Зоэ оттолкнула пустую миску и с опаской осмотрела груду еды на плоской тарелке. Первый злой голод улегся, и собственные запросы теперь выглядели непосильными.

— Ло-опну, ну правда, — шепотом пожаловалась девочка, глядя на помощника капитана, сочтенного младшим из взрослых в каюте и самым податливым.

Бэто не подвел. Выделил новую тарелку, чистую. Переложил в неё всего-то одну ложку бобов и не стал насмешничать. Унес гору еды и не отругал, и не рассердился. Вернулся, прикрыл дверь и сел на свое место.

— Теперь можно поговорить, так приказал капитан, а он всегда прав, — сообщил Бэто. — Ноттэ, вы готовы сообщить: что делать с новой пассажиркой? Не Башне ведь отдавать.

— Башня отправит Зоэ на остров Наяд, это в лучшем случае, — задумался нэрриха. — Её вынудят изучать танец во всех тонкостях. Башня напоказ преследует исполняющих пляску, называет это занятие черной волшбой, и все же не искореняет окончательно, чуя пользу.

— Я всю зиму жила на острове, мучилась, — Зоэ облизала ложку и отложила. Вздохнула, устроила локти на столе, подпирая ими щеки. — Гадость! Моя бабушка умела танцевать. А эти, на острове — тьфу, дешевки, мякина, шелуха. Дуротопки и пустотопы. Вот.

— Сколько слов! — поразился нэрриха.

Сытая Зоэ порозовела от возбуждения и возмущения, сочтя, что её высмеивают. Вскочила и заговорила громко, сопя и размахивая руками, хлопая в ладоши, то и дело запуская пальцы в волосы, все сильнее расчесывая кожу головы и шеи.

— Правду говорю! Я толстая и старая буду лучше их, вот! Моя бабушка в шестьдесят два танцевала, а эти смолоду только топают и сопят, вот! Руки туда, руки сюда, дышать, глядеть ах, глядеть ох, первая поза, вторая, ля-ля, глупости! — Зоэ зашипела и оттолкнула стул, освобождая место.
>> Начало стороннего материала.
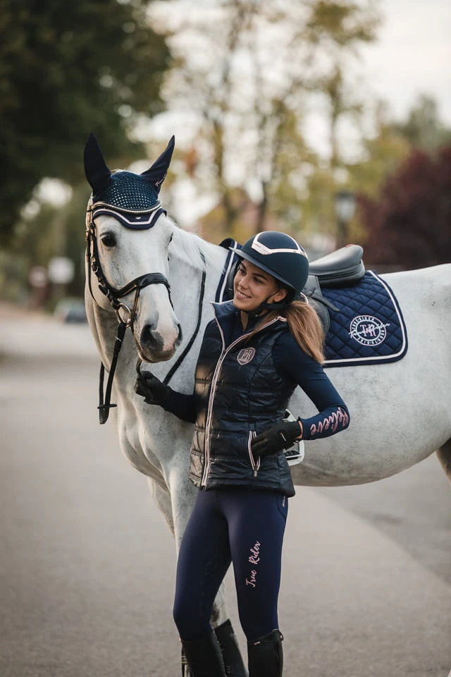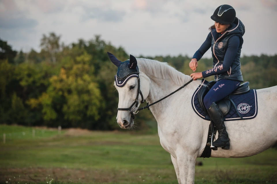 Tradycyjny granat pasujący do każdej maści naszych podopiecznych. Cudowne połączenie granatu z kontrastową, skórką w kolorze Rose Gold – elegancja w każdym calu dla jeźdźców, którzy lubią ponadczasową klasykę.
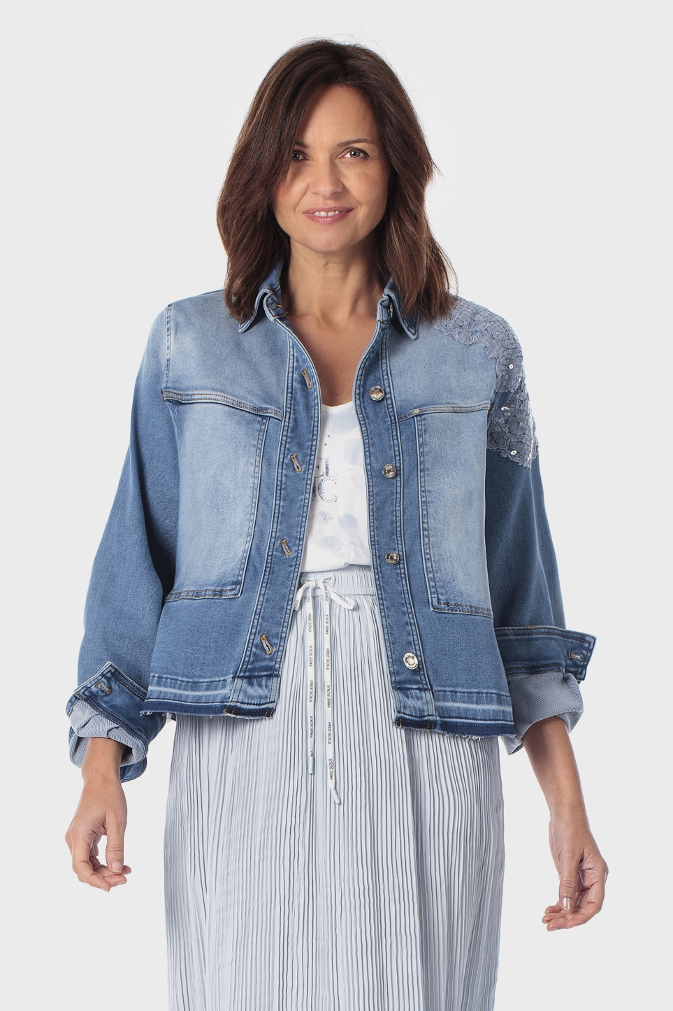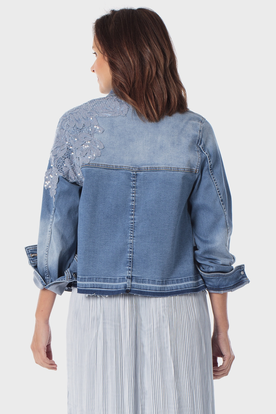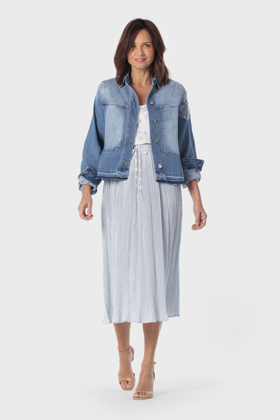Kot ceket, payet detaylı, iki cepli, önden düğmeli kapanış.
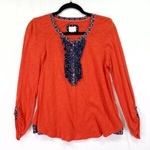 Anthropology Postmark Long Sleeve Top Size Small Ruffle Henley Tshirt
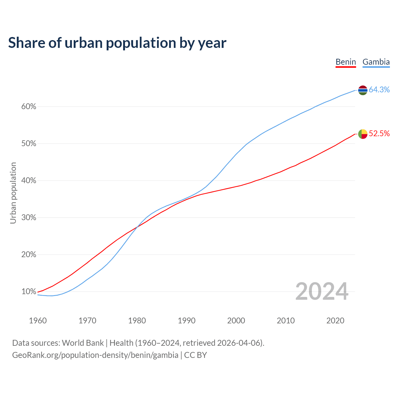 From 2004 to 2024, the share of urban population changed from 39.9% to 52.5% in Benin and from 51.5% to 64.3% in the Gambia.
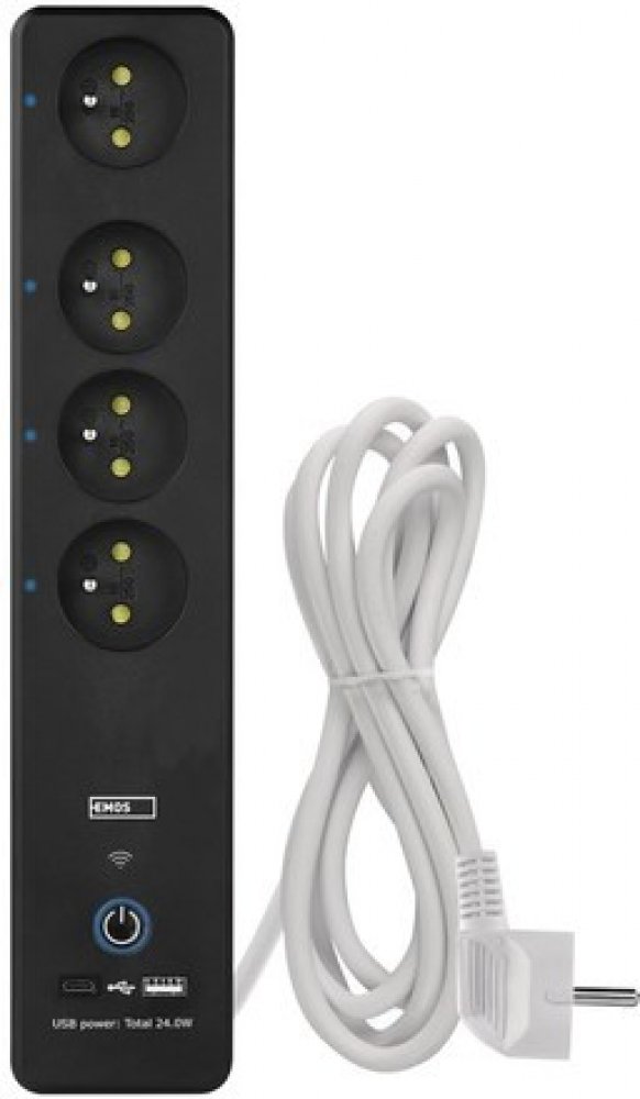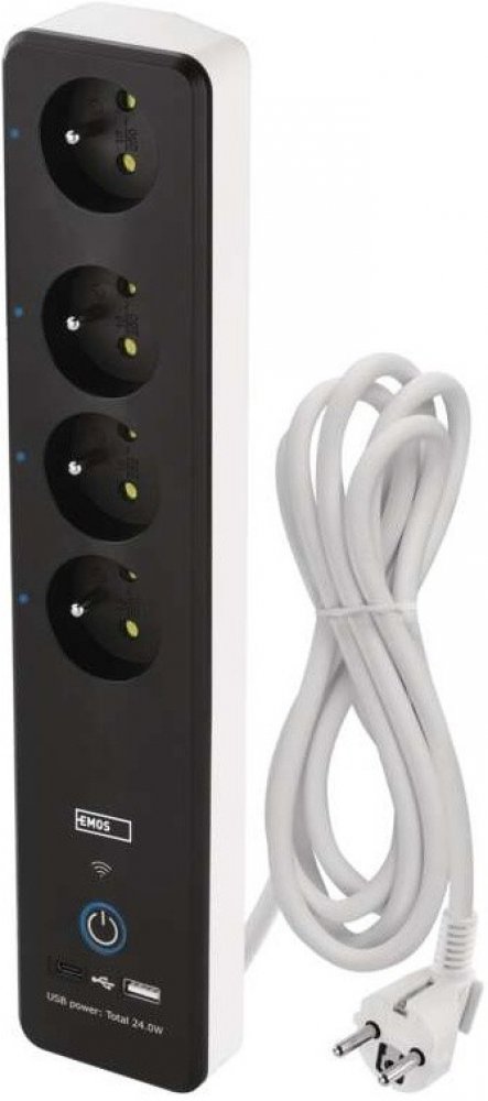 EMOS 4 2 m vícebarevné do interiéru pro domácí spotřebiče s USB-A i USB-C IP20 16 A 1.5 mm² prodlužovací lišta s běžným konektorem (Schuko / typ E/F) 3680.0 W
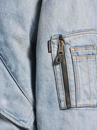 SKU: 772-001569 01 BRAND ID: 851006TTWB1 Bomber Jacket By Balenciaga • Bomber jacket • Made from cotton denim • Bomber collar • Front zip closure • Flap pockets with snap closures on the front and a zip pocket on the left sleeve • Details of worn-out and faded effect • Ribbed hem and cuffs • Composition: 100% cotton • Made in: Japan
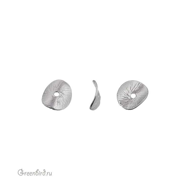 Металлическая бусина с текстурированием, может использоваться в качестве спейсера (разделителя) или чашечки для другой фигурной бусины. Материал: пьютер (оловянный сплав), покрытие: матовый родий. Размер: 9,7 х 8,6 х 2,3 мм, отверстие: 1,3-1,4 мм. Производство: Корея. Цена указана за 1 шт.
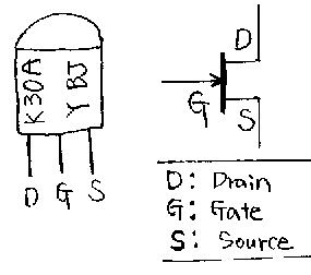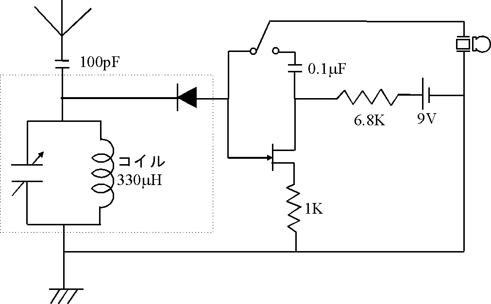 2のうち点線で囲った部分にあたる.コンデンサとコイルの共振回路で特定の周波数を選び出し,ダイオードの整流作用を使って音声信号を取り出す.コイルのインダクタンスは330?Hで,コンデンサには容量可変のポリバリコン(290pF)を用いて共振周波数を変えられるようにする.ダイオードにはゲルマニウムダイオード(IN60)を用いる.基本的にはコイルとコンデンサとダイオードというたった3つの部品でも,アンテナさえしっかりしていれば,電源がなくてもAMラジオを聴くことができる.本実習では,感度を向上させることと増幅回路の学習を兼ねて,低周波の信号をFETで増幅する回路も作製する.使用するFETは
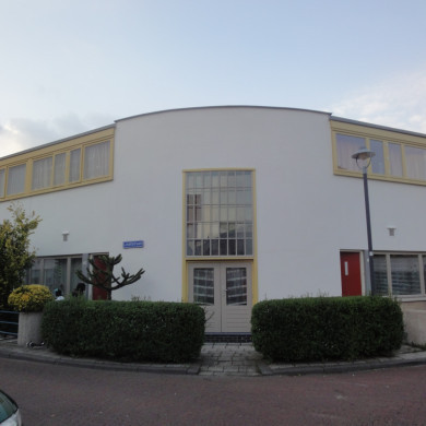 WERK/BERGPLAATS. De oorspronkelijke werk/bergplaatsen hebben eveneens de ingang in de afgeronde hoek, met dubbele blauwe stalen deuren, en een groot bovenlicht met stalen roedenverdeling en matglasruiten. Elk gelegen op een van de hoeken van de (twee) U-vormige complexonderdelen tussen eengezinswoningen.
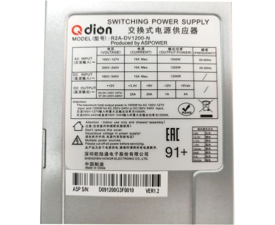 Блок питания Q-dion R2A-DV1200-N 99RADV1200I1170310 2U Redundant 1200W Efficiency 91+, Cable connector C14
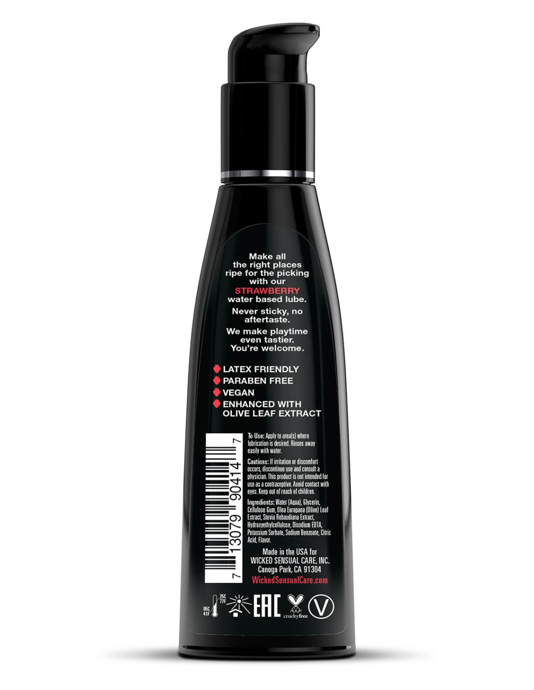 Bring Strawberries into the bedroom in a whole new way! Kissable, lickable, and delicious, Wicked Aqua Strawberry personal lubricant adds subtle and delicious natural flavours to enhance oral pleasures. Light and silky, this water-based formula is the perfect sensual combination of an elegant lubricant and a flavour sensation. Never sticky and without an aftertaste, Wicked Aqua Strawberry satisfies your sweet tooth and your intimate desires all in one amazing pleasure product. Oral sex never tasted so good. Whether you are giving or receiving, Wicked flavours will give you a new sexy confidence. Wicked flavoured lubes are sweetened with Stevia, making them safe for oral, vaginal and anal play.120mlLong lastingLatex friendlyParaben freeNever stickyNo aftertasteEnhanced with Olive Leaf ExtractVegan - no animal by-products or testingDirections: Apply to area(s) where lubrication is desired. Cleans away easily with water.Ingredients: Water, Glycerin, Cellulose Gum, Stevia Rebaudiana Extract, Olea Europaea (Olive) Leaf Extract, Hydroxyethylcellulose, Tetrasodium EDTA, Citric Acid, Sodium Benzoate, Potassium Sorbate, Flavor
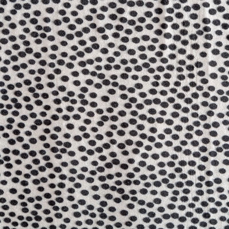 Пластичная, мягкая бархатная ткань с мелким принтом в черный горох. Ткань очень приятна на ощупь, не мнется, хорошо тянется за счет эластана в составе и драпируется. Бархат идеально подходит для пошива вечерних платьев, юбок, костюмов, а также стильных жакетов, бомберов и аксессуаров.

Подняла руку и сделала сложное движение. — Это вот, растущее, бабушка называла его цветок радости и весенний огонь. Могу так, могу так и так — тоже неплохо, и только внутри знаю, как правильно прямо сейчас. Оно всё — внутри! С чего бы разным пустотопам знать, куда надо глядеть и как? Всякие день по-правильному выйдет иначе, потому что день-то иной! Они совсем, ну совсем ненастоящие! У них только такты и ритм. Что я, глухая? Зачем они взялись учить меня тому, что я в три годика уже знала?

Девочка задохнулась, возмущенно махнула рукой и отвернулась к стене, шмыгая носом и обижаясь совсем по-настоящему, до слез. Нэрриха смущенно пожал плечами, убрал от края стола покачнувшуюся тарелку, дотянулся до локтя Зоэ и подтащил её к себе, не обращая внимания на сопротивление. Укутал в одеяло и усадил на колени.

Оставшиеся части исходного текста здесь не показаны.